New Italian Progressive Rock

Excellent example of instrumental sympho/neo-prog deeply inspired by IQ.The further we go the more complex music we meet; a real sympho!!! The whole album is a bit boring:after the 5th track you're not able to be as much attentive as in the beginning.The only track with vocals "Machine of God" leaves nice impression...as well as the whole record:it's nice,but it's hard to tell one track from another.But when you got use to it...oh boy,it's STUNNING!!!That's why I was going to give DORACOR the full 5 stars! But 4 stars will be enough,I think - sometimes this music can bore to death!!! :-)

Igor Sidorenko


The eighth album from this Italian symph prog band.

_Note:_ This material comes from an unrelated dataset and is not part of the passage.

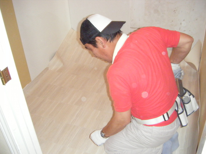 床を新設した後、CF(クッションフロアー)の重歩行タイプを施工。動物の堅い爪でも平気です。

Doracor has had a very fine development from the rather paltry one-man band album The Long Pathway to this album, a full band album with a lush sound. Doracor has been a full band now for a long time. The difference in quality is huge.

Lady Roma gives us fifty minutes of lush, elegant symphonic prog with Italian vocals. The sound is a mix of the English and US symphonic prog sound. Mostly the US sound, in fact. That means monumental elegance takes the front seat here. Monumental elegance produced with plenty of keyboards, guitars, bass, woodwinds, drums and very elegant male vocals. A bit sweet, perhaps too sweet, but still with a lot of substance. On this album, Corrado Sardella, the mainman in Doracor, has also included some influences from the likes of Rush, lounge jazz and soul. Yes, there is a big thick well known Rush riff in one of the songs here our friends has "borrowed" from our Canadian friends. I guess with tongue in cheek. It is fun listening to it, anyway.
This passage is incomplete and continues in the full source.